Muscle-specific RING finger-1 interacts with titin to regulate sarcomeric M-line and thick filament structure and may have nuclear functions via its interaction with glucocorticoid modulatory element binding protein-1

Abigail S. McElhinny1, Kazumi Kakinuma4, Hiroyuki Sorimachi4, Siegfried Labeit3 and Carol C. Gregorio1,2

1 Department of Cell Biology and Anatomy, University of Arizona, Tucson, AZ 85724
2 Department of Molecular and Cellular Biology, University of Arizona, Tucson, AZ 85724
3 Abteilung für Anästhesiologie und Operative Intensiv-Medizin, Universitätsklinikum Mannheim, 68167 Mannheim, Germany
4 Graduate School of Agricultural and Life Sciences, University of Tokyo, 113-8657 Tokyo, Japan

Address correspondence to Carol C. Gregorio, Ph.D., Department of Cell Biology and Anatomy, University of Arizona, 1501 N. Campbell Avenue, LSN 455, Tucson, AZ 85724. Tel.: (520) 626-8113. Fax.: (520) 626-2097. E-mail: gregorio{at}u.arizona.edu

The COOH-terminal A168–170 region of the giant sarcomeric protein titin interacts with muscle-specific RING finger-1 (MURF-1). To investigate the functional significance of this interaction, we expressed green fluorescent protein fusion constructs encoding defined fragments of titin's M-line region and MURF-1 in cardiac myocytes. Upon expression of MURF-1 or its central region (containing its titin-binding site), the integrity of titin's M-line region was dramatically disrupted. Disruption of titin's M-line region also resulted in a perturbation of thick filament components, but, surprisingly, not of the NH2-terminal or I-band regions of titin, the Z-lines, or the thin filaments. This specific phenotype also was caused by the expression of titin A168–170. These data suggest that the interaction of titin with MURF-1 is important for the stability of the sarcomeric M-line region.

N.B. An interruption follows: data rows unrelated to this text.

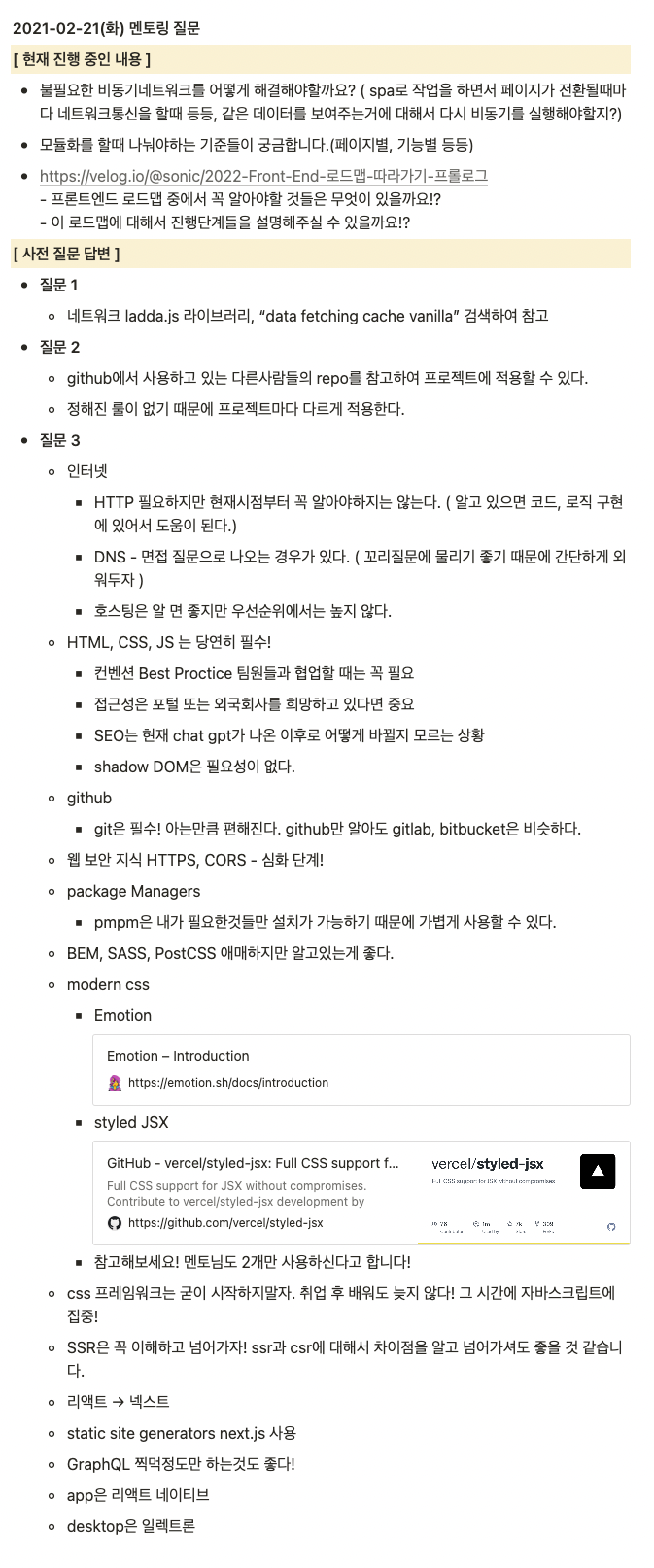 - 매주 멘토링을 통해서 궁금한 사항들을 질문하고 그룹스터디에 대해서 방향들을 잡아주신다.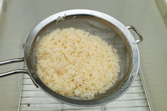 How To Rice Rice: Put rice in a fine mesh strainer and rinse the rice under cool water until the water runs clear underneath. Drain it thoroughly before proceeding with the first step of the Cilantro Lime Rice recipe.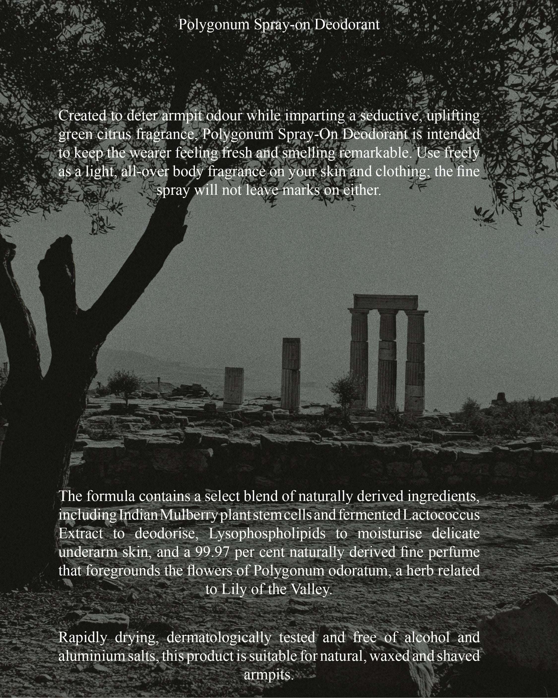 Dermatologically tested and free from aluminium salts, both our Polygonum and Marjoram deodorants are suitable for natural, waxed and shaved armpits alike, and for sensitive skin. Because the skin microbiome takes up to three days to adjust to changes in bacterial activity, begin with frequent, liberal application.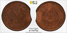 1907 China Kiangnan 10 Cash Copper Coin Planchet Flaw Error- PCGS AU Details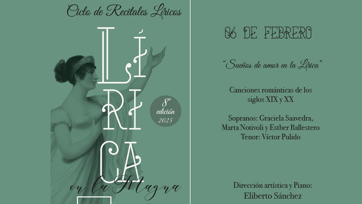 Los poetas románticos del s. XIX supieron plasmar en sus versos todas esas variedades y, como no, los compositores pusieron su visión y su sello personal en cada una de sus composiciones. De los protagonistas de este recital, unos son afamados compositores. Otros, han sido olvidados injustamente. Pero las obras de todos ellos, muestran con gran belleza diferentes sueños de amor. Soliloquios que van en busca del propio placer, que sueñan en amores pasados, presentes o futuros, y hasta íntimos discursos a las puertas de la muerte dirigidos a su ser amado.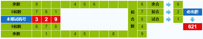 本期3d试机号开出的号码是329,胆码计算器开出的号码是621,重合了一个2号球。结合近期试机号命中开奖号走势图来看,近期试机号处于极速回升的状态中,上五期共命中了四期,本期依旧看好试机号,可以着重关注重合的2号球。
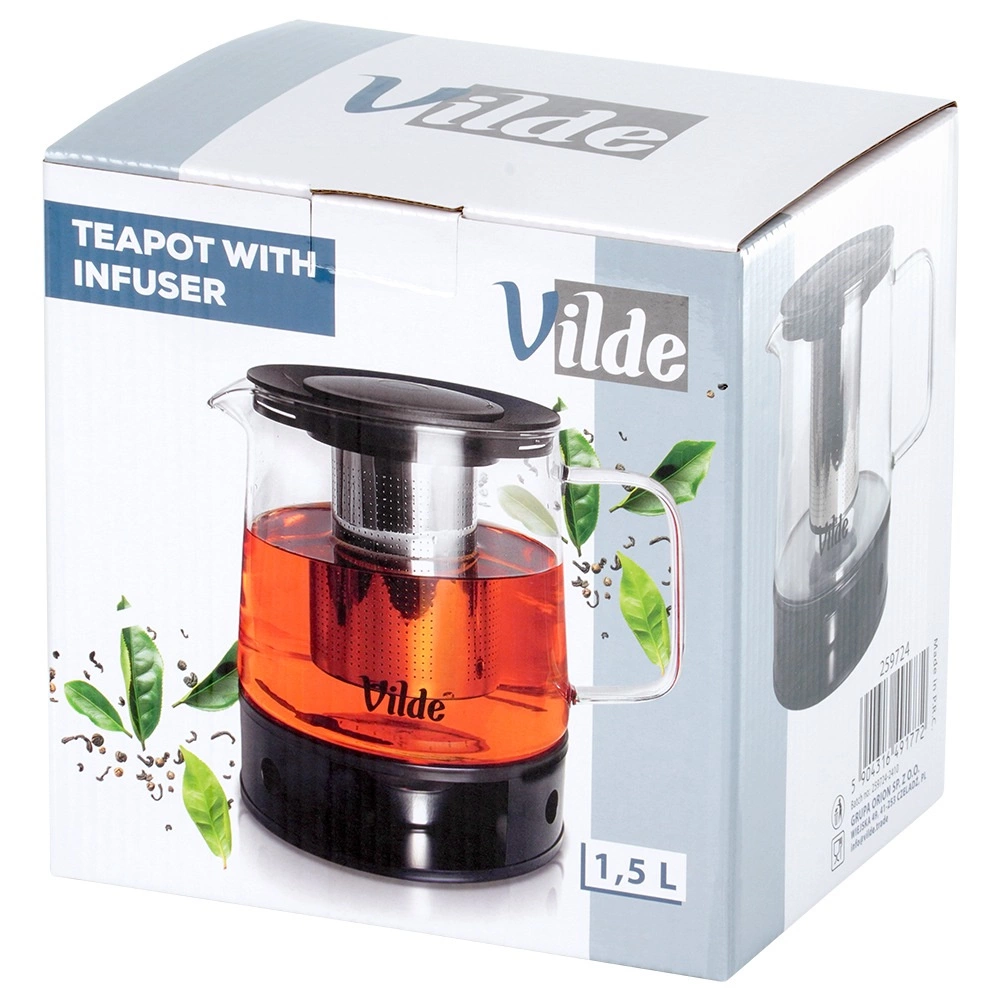 Stekleni čajnik z nerjavnim sitkom in grelnikom 1,5 l Vilde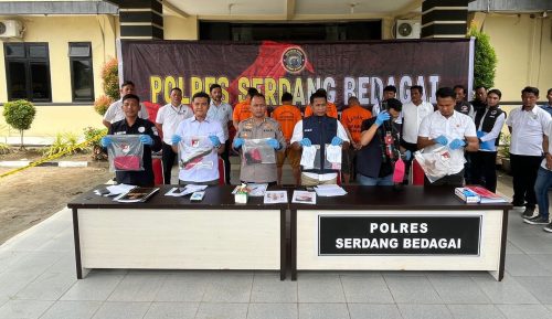 Dari hasil pengungkapan kasus, telah diamanakan 4 (Empat) tersangka setelah petugas melakukan penyelidikan dan penyidikan sehingga mencium keberadaan para terduga pelaku yang bersembunyi di daerah Kota Medan, ujar Kapolres Sergai AKBP Jhon HR Sitepu, S.IK, M.H., saat konferensi pers bersama, Kasat Reskrim Iptu Binrod Situngkir, Kasatres Narkoba AKP Arif Suhadi, Kasi Humas Iptu LB Manullang, KBO Satreskrim Iptu Zulfan Ahmadi, di depan Lobi Mako Polres Sergai Jalan Negara, Desa Firdaus Kecamatan Seirampah Kabupaten Sergai – Sumut, pada Kamis (25/09/2025) sekira pukul.11.00 WIB.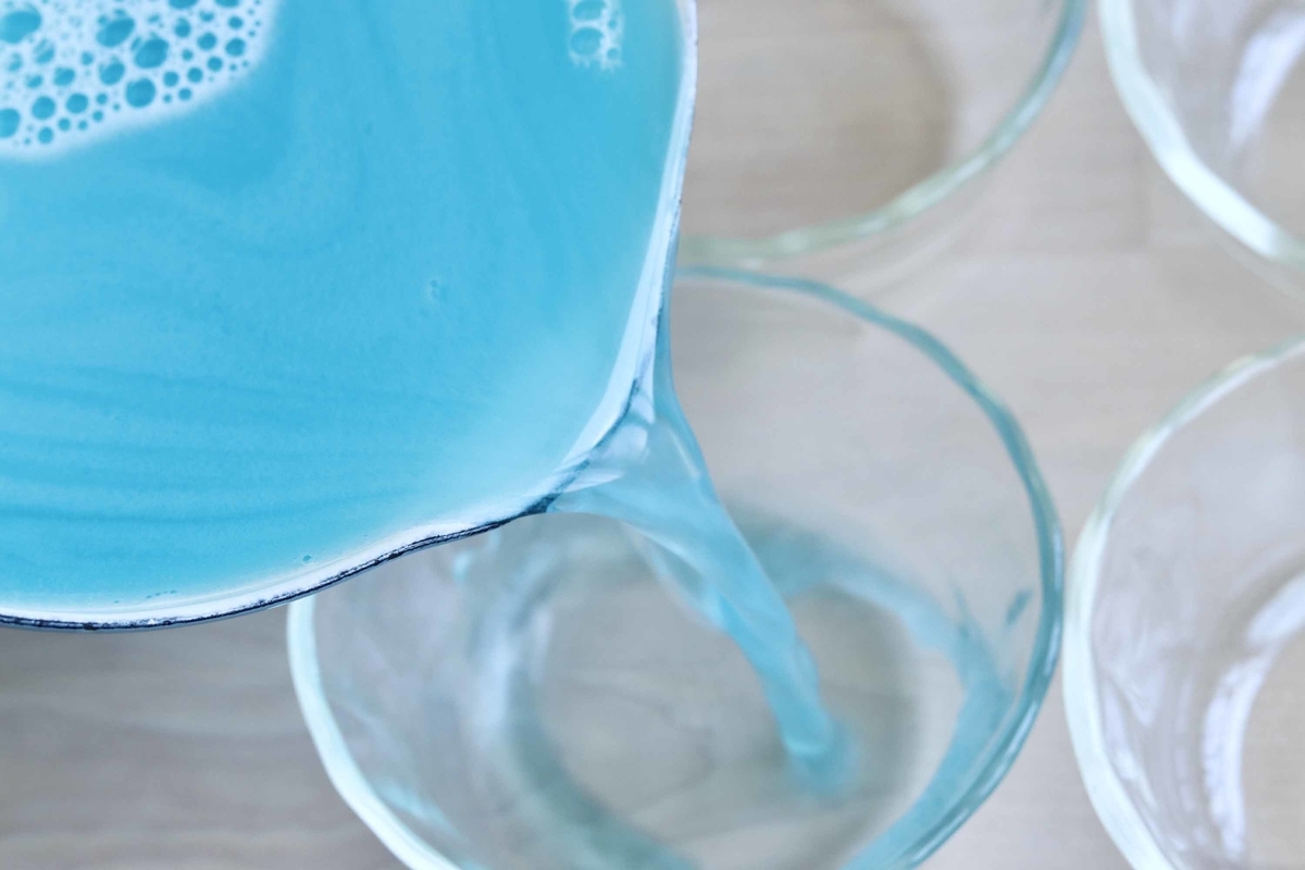 斜めにカルピスゼリーを入れる事で、上から見た時に綺麗な濃淡がついて綺麗に仕上がりになります。また、バタフライピーとレモン汁で青と紫色の2色を作ってあげることで、青⇔紫のグラデーションもできちゃう!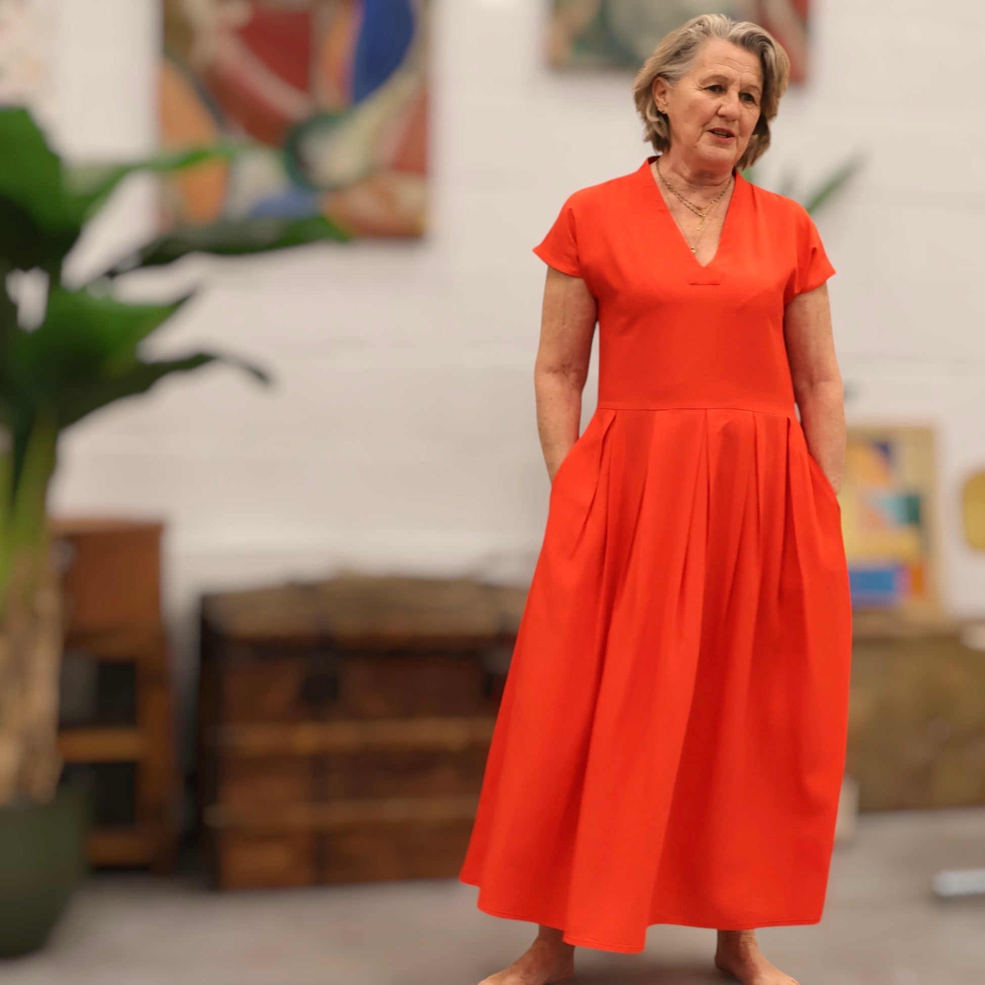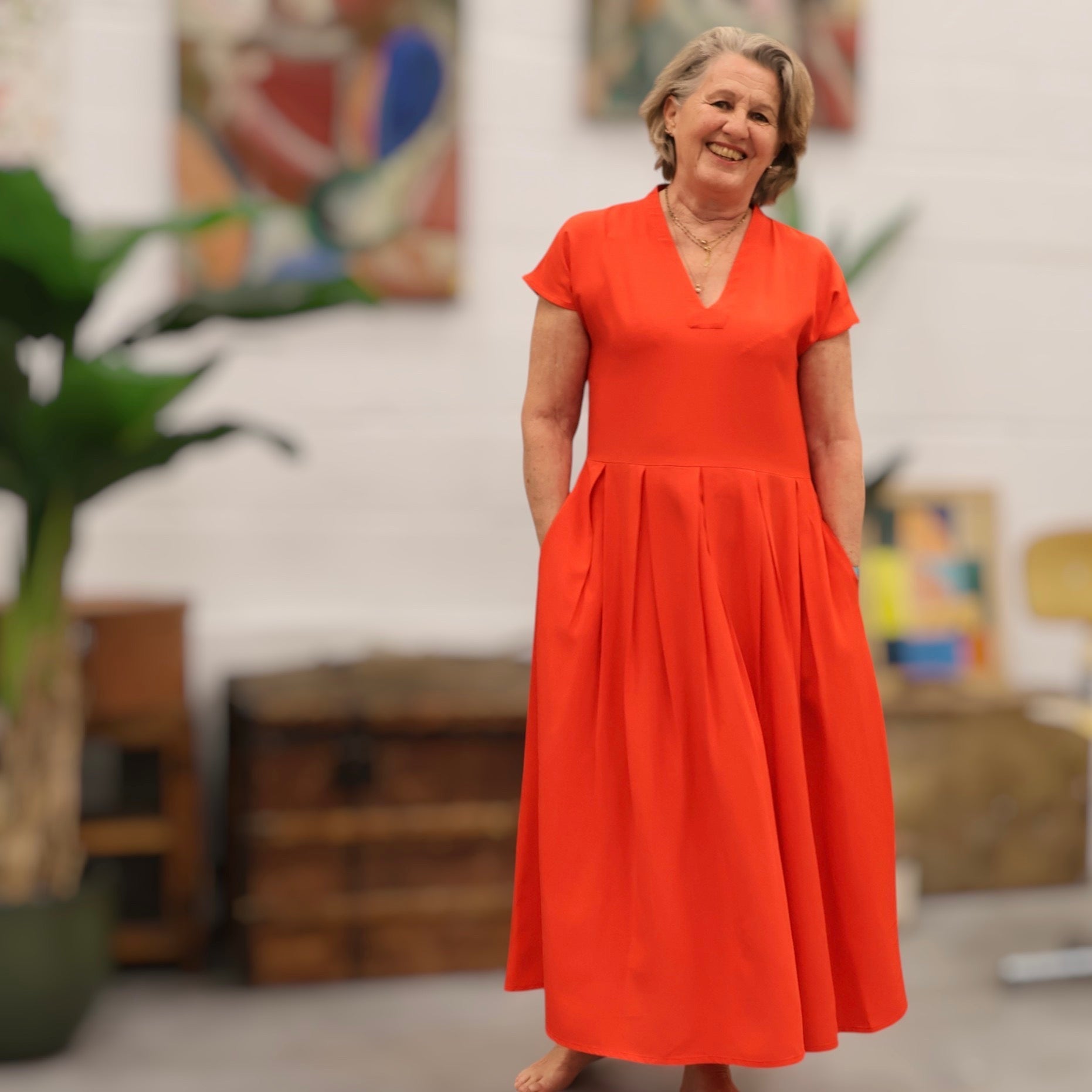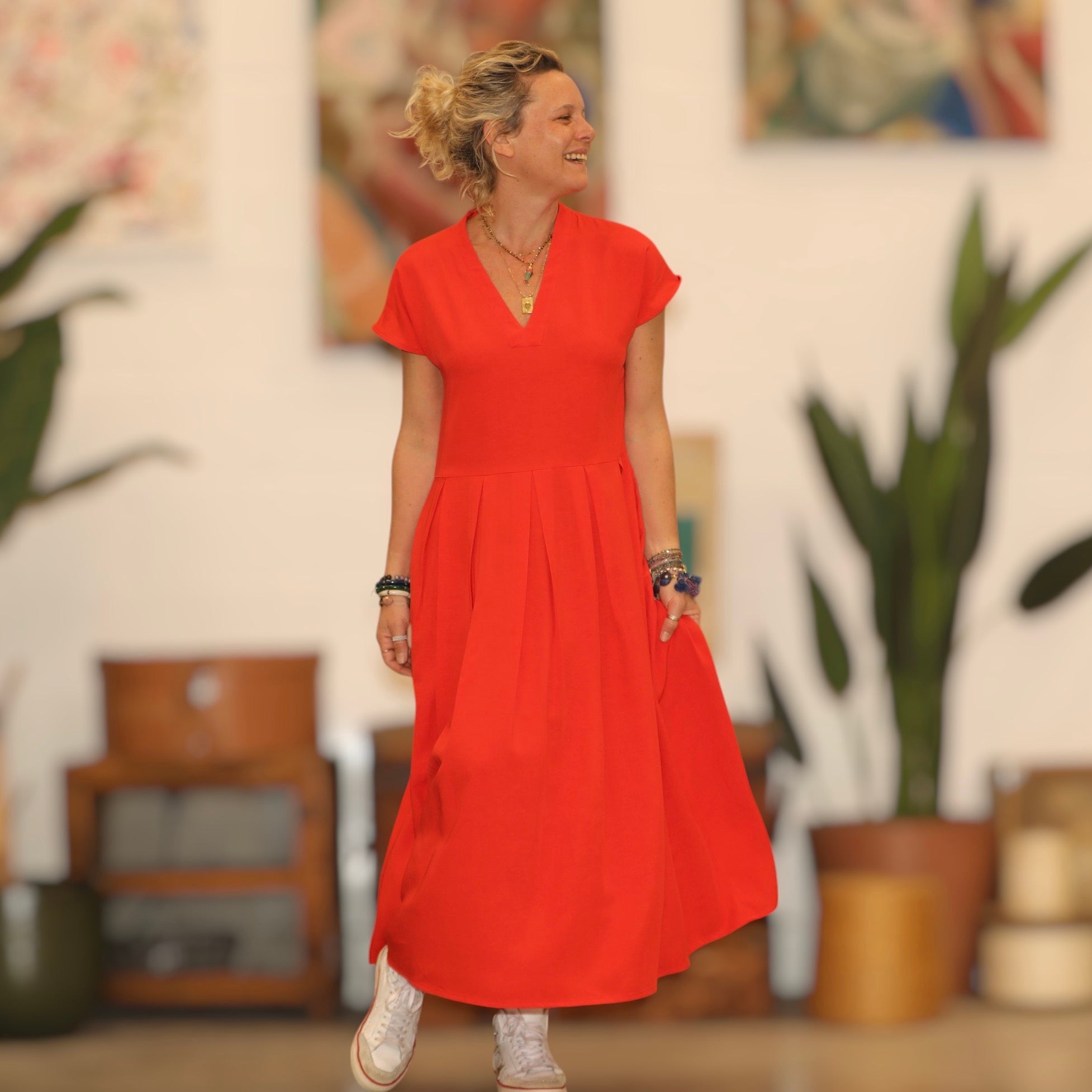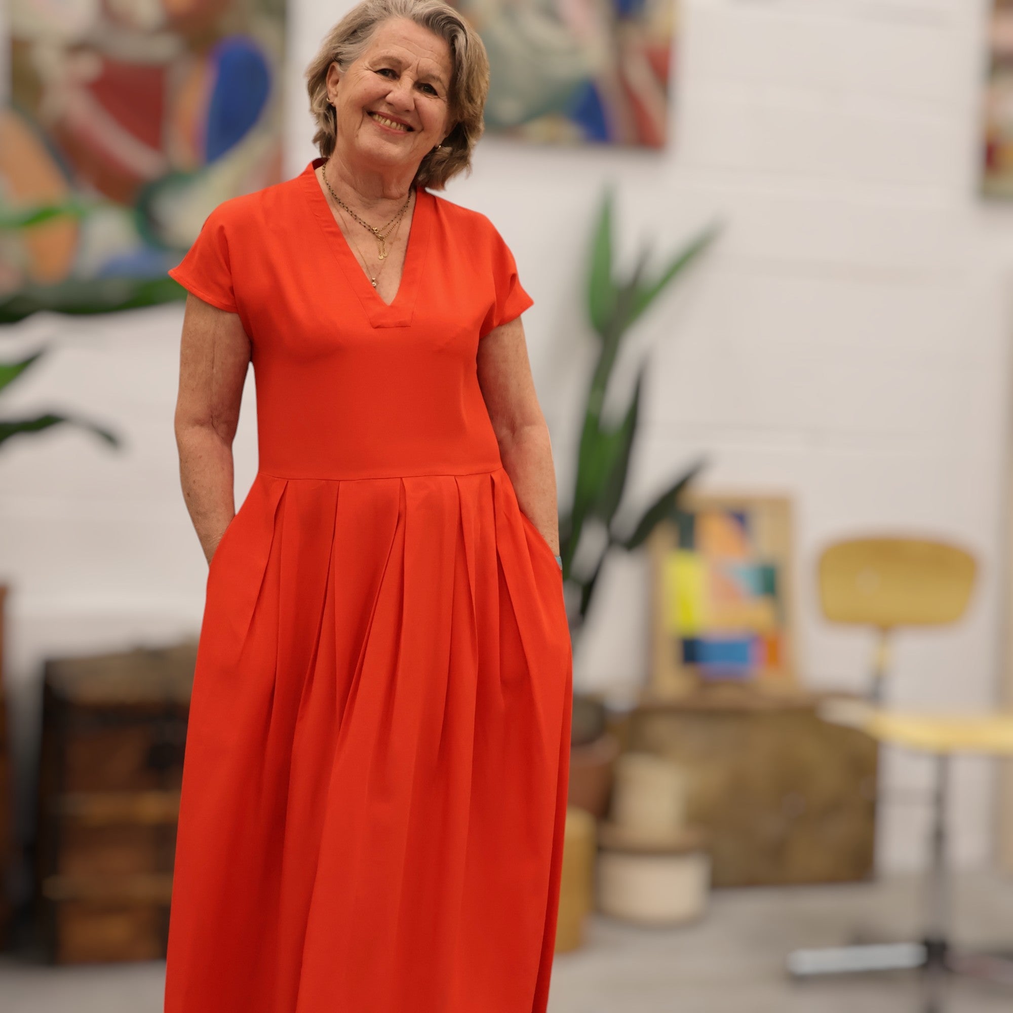 Sylvette se distingue par un ravissant col en V souligné par une parmenture élégante.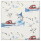 Ein Bild eines Fischerbootes, das nach den großen Typen geht, wird auf diesem bunten Gewebe gekennzeichnet. Es inspiriert eine endlose Vielzahl von Projekten, um ein an die glücklichen Sommertage zu erinnern, die auf dem Strand oder den Zeiten tollen in den Inseln verbracht werden.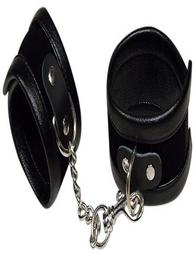 Όμορφες μαύρες χειροπέδες (24x5 εκ.) από απομίμηση δέρματος σουέντ. Οι μανσέτες έχουν κούμπωμα Velcro και κοντή συνδετική αλυσίδα με καραμπίνερ (περίπου 10 cm). Πολυουρεθάνη, μέταλλο.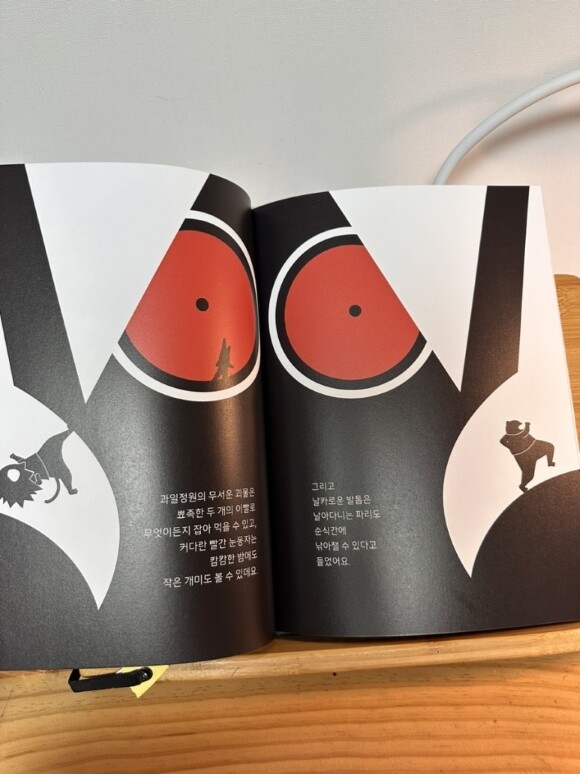"아무도 한 번도 본 적 없는 무서운 괴물이 사는 과일정원이에요" 라고 읽을 때쯤에는

MURF-1 also binds to ubiquitin-conjugating enzyme-9 and isopeptidase T-3, enzymes involved in small ubiquitin-related modifier–mediated nuclear import, and with glucocorticoid modulatory element binding protein-1 (GMEB-1), a transcriptional regulator. Consistent with our in vitro binding data implicating MURF-1 with nuclear functions, endogenous MURF-1 also was detected in the nuclei of some myocytes. The dual interactions of MURF-1 with titin and GMEB-1 may link myofibril signaling pathways (perhaps including titin's kinase domain) with muscle gene expression.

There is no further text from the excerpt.